Highlights & Insights¶
- The pseudo E-distance design for unifying two types of uncertainty is elegant: it naturally integrates "what the model knows" (evidence) and "how stable the outcome is" (entropy) within a Bayesian framework.
- Automatic reversion to the control state under low evidence represents a safe-by-design property: the model prefers predicting "no effect" over producing a spurious effect.
- The approach has direct experimental value: practitioners can use confidence scores to prioritize which perturbations warrant empirical validation.
Limitations & Future Work¶
- PCA-based dimensionality reduction may discard important gene expression information; superior alternatives warrant exploration.
- The encoder relies on pretrained gene embeddings (scGPT), and the impact of alternative embeddings has not been thoroughly investigated.
- An additive assumption is adopted for combinatorial perturbations, without modeling nonlinear interactions between perturbations.
- Validation is limited to a small number of datasets; multi-time-point or spatial transcriptomics settings have not been addressed.
Related Work & Insights¶
- PRESCRIBE extends the Natural Posterior Network (NatPN) to the multivariate setting, overcoming NatPN's inability to handle high-dimensional outputs.
- The idea of using E-distance as an uncertainty proxy is generalizable to other domains, such as drug response prediction and protein engineering.

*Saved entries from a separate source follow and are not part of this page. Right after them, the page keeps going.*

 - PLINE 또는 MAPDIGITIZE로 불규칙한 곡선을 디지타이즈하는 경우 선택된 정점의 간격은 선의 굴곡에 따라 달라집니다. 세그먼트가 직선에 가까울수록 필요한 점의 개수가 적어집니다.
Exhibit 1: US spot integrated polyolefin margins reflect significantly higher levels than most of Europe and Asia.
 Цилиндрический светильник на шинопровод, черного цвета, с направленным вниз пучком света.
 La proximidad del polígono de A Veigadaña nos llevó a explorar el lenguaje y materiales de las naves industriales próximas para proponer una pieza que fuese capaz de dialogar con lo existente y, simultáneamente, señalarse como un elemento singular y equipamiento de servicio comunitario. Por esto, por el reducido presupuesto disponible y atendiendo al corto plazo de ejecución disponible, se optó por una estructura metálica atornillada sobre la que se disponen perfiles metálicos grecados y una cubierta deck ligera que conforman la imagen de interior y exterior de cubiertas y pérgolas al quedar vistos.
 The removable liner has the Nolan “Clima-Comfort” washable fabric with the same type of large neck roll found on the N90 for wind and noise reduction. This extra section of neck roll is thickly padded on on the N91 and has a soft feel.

- Insight: In bioinformatics, uncertainty estimation may be more valuable than accuracy alone, as it directly guides the allocation of experimental resources.
Rating¶
- Novelty: ⭐⭐⭐⭐ The pseudo E-distance and multivariate NatPN extension are original contributions, though the deep evidential regression framework has prior precedents.

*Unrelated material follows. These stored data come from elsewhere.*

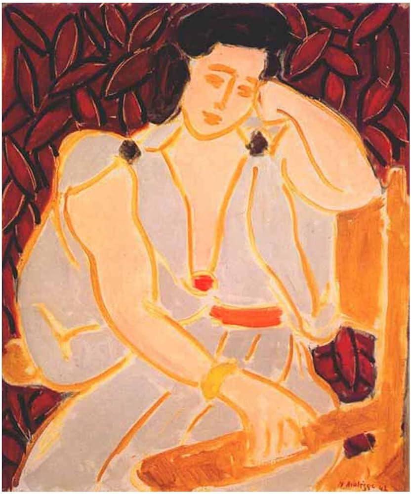 마티스는 71세에 큰 암수술을 받게 되었고, 수술 후유증으로 인해 붓을 잡는 것조차 힘들어졌습니다. 긴 회복기간을 갖게 되는데요. 이때 간호학과 학생이었던 모니크 부르주아(Monique Bourgeois)를 야간 간호사로 채용합니다. 모니크는 그를 돌보면서 책을 읽어 주고 그와 많은 토론을 나누기도 하였습니다. 그렇게 둘은 각별한 우정을 쌓게 되는데요. 모니크는 마티스 초상화의 모델이 되기도 했습니다.
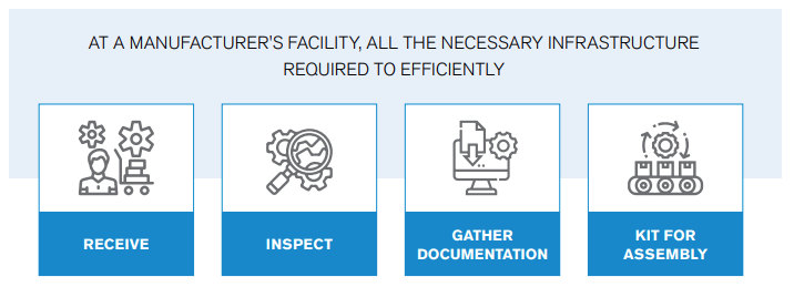 At a manufacturer's facility, all the necessary infrastructure required to efficiently move material through receipt, inspection, documentation gathering and ultimately kitting for assembly will be in place. Fabrication and assembly personnel have ready access to their tools and all necessary equipment required to move/handle materials (cranes, fork trucks, pallet jacks, etc.). The environment in the factory is more closely controlled and meets the requirements of the associated work (i.e. temperature, humidity, fire suppression, etc.).
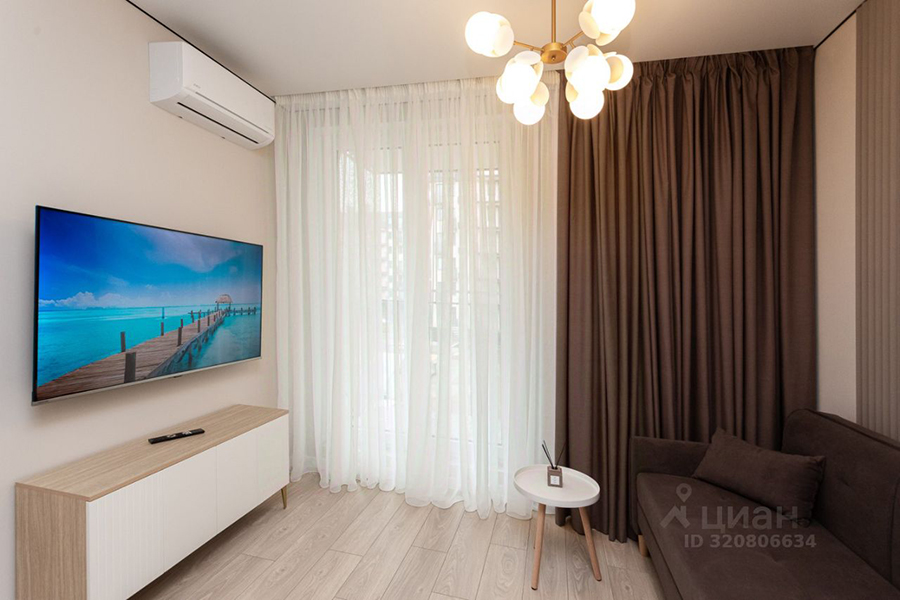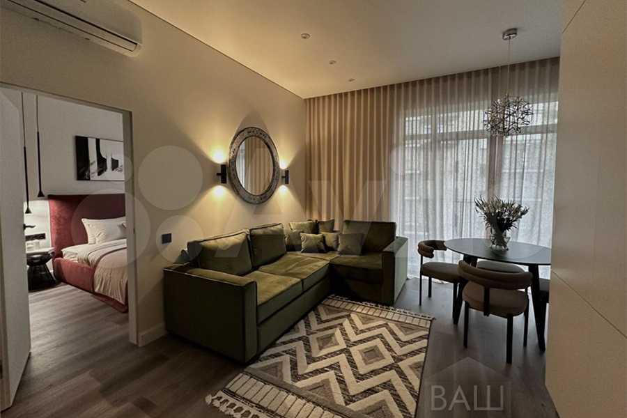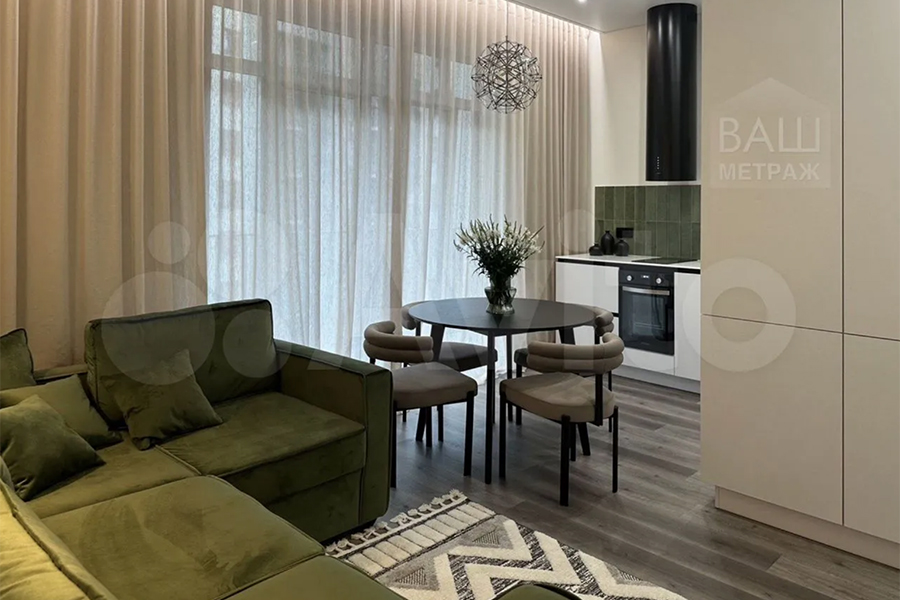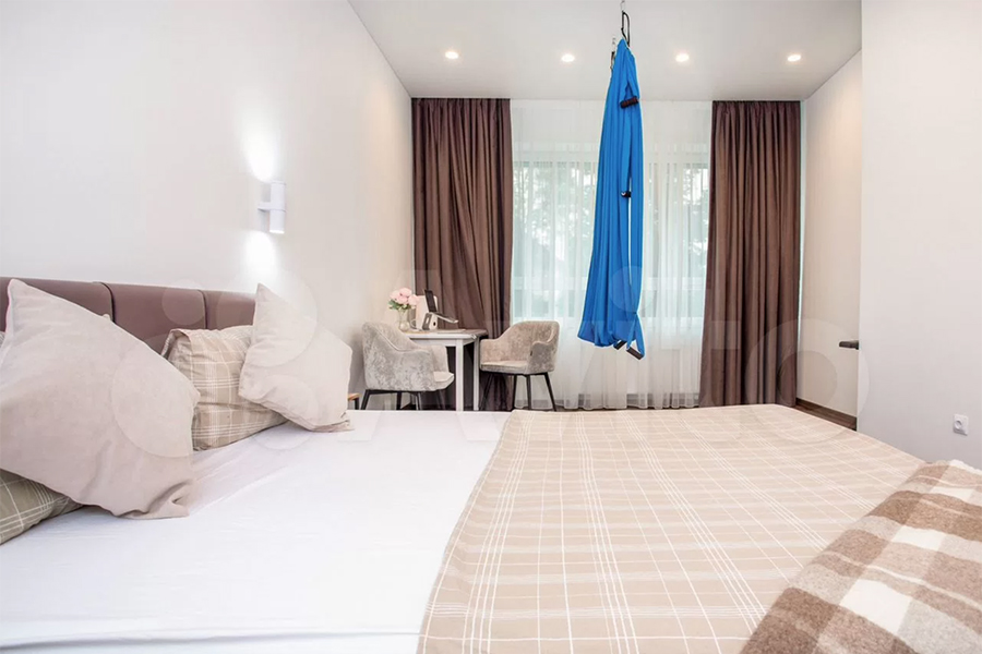 Кроме того, упоминаются «продуманная планировка и оснащение», шторы блэкаут, просторная кухня-гостиная с раскладным диваном, четыре рабочие зоны для удалённой работы, большой санузел и ортопедическая кровать. Любители аэройоги, вероятно, оценят съёмные крепления для спортивного гамака. Из техники можно выделить стиральную машину с функциями сушки и глажки.

- Experimental Thoroughness: ⭐⭐⭐⭐ Three datasets, multiple baselines, and comprehensive ablations; however, a broader range of perturbation types is lacking.
- Writing Quality: ⭐⭐⭐⭐ Problem motivation and methodological rationale are clearly articulated, though the probabilistic notation is dense.
- Value: ⭐⭐⭐⭐ Provides a much-needed uncertainty quantification tool for single-cell perturbation prediction.